Listen, we saw yesterday what happens when some nameless judges completely out of touch with modern life give their verdict on the sexy men situation in Ireland. Tragic doesn’t even come close. Far too many gorgeous guys were left out and far too many er, bizarre choices included.
So lets take charge ourselves. Work with us to right this wrong. We want YOU to vote for the boyos you think are the most goddamn gorgeous and sexy Irish men.

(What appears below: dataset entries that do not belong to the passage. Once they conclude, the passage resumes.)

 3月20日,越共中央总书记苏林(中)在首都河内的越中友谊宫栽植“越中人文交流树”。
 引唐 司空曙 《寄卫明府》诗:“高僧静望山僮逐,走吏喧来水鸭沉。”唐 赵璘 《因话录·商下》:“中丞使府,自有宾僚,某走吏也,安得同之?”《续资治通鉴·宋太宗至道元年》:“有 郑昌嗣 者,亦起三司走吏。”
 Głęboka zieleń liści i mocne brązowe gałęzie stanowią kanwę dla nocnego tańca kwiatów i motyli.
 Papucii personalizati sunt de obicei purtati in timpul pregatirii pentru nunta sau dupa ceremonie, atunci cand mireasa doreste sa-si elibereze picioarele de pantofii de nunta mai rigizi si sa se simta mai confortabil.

Let’s create the ULTIMATE sexy list.
Your country needs you. Simply send the names of your shaggable contenders to email@example.com and put SEXY in the subject line. You can vote for as many hunks as you want (up to 100 in fact) – and you can also give a reason if you like. Email panting is allowed.
Terms and conds:
- Nominees must actually BE Irish. So sadly Dermot O’Leary is not allowed for example.

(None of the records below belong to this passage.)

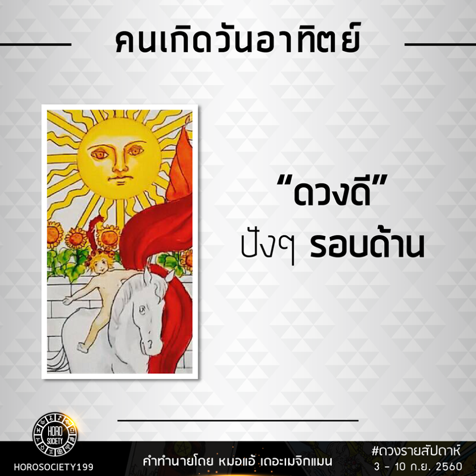มาแล้วจ้า!! สำหรับใครที่กำลังรออ่านดวงรายสัปดาห์อยู่ วันนี้ MarketJJ นำมาฝากเพื่อนๆกันแล้ว โดยในอาทิตย์นี้ หมอแอ้ เดอะเมจิกแมน ได้เผยแพร่คำทำนายดวงวันเกิด ประจำวันที่ 4-10 กันยายน 2560 ผ่านทาง เฟซบุ้คแฟนเพจ Horosociety199 ซึ่งมีทั้งคนดวงรุ่ง ชีวิตดี มีเงินใช้จ่ายสบาย และคนดวงร่วง ทำอะไรก็ติดๆขัดๆ กระเป๋าแบนทั้งอาทิตย์ ว่าแล้วก็ไปดูกันดีว่า…ว่าจะตรงกับใครบ้าง ไปเช็คพร้อมกันเลยจ้า!
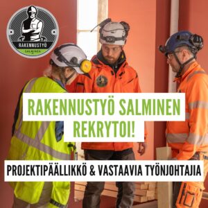 Kasvun myötä etsimme uusia osaajia pääkaupunkiseudulle rakentamaan Salmisen tarinaa. Haemme alkaviin rakennushankkeisiimme projektipäällikköä ja vastaavia työnjohtajia.
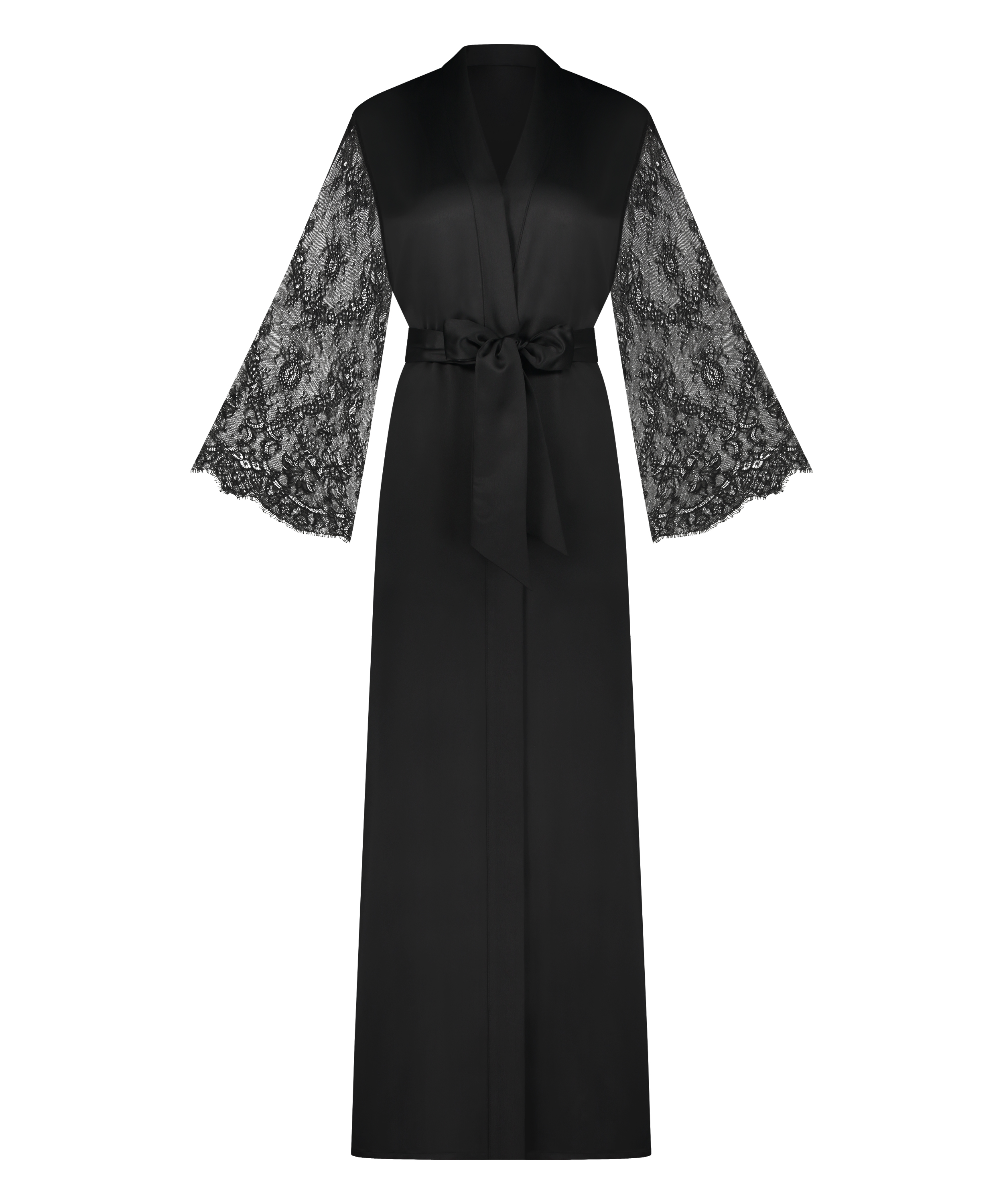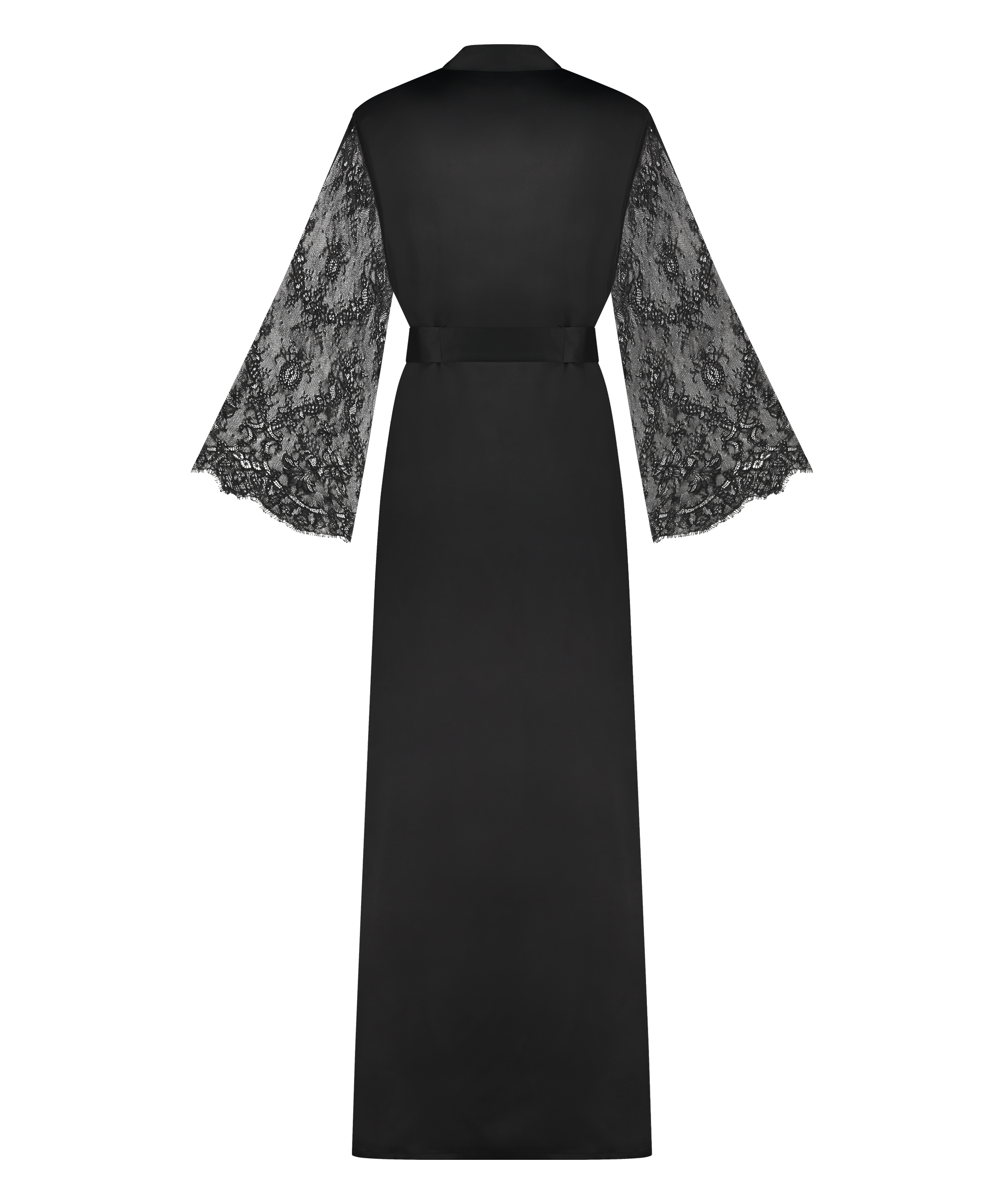 ¡No te pierdas este elegante kimono! Con mucho encaje romántico y cierre de lazo real. Este adorable kimono tiene mangas anchas y está hecho de satén, lo que le da un aspecto lujoso. Combínalo con las prendas a juego. Forma parte de nuestra colección Noir.

- We will feed votes into a highly sophisticated statistical package and emerge with the ultimate sexy list
- Voting will close next week – we’ll give you plenty of notice.
- You cannot vote for “me fella” or “yer man I see on the DART” etc.
- Your vote is treated in the strictest confidence, we don’t share your address with anyone and we won’t tell your boyfriend you’re secretly lusting over a rugby player with thighs of steel.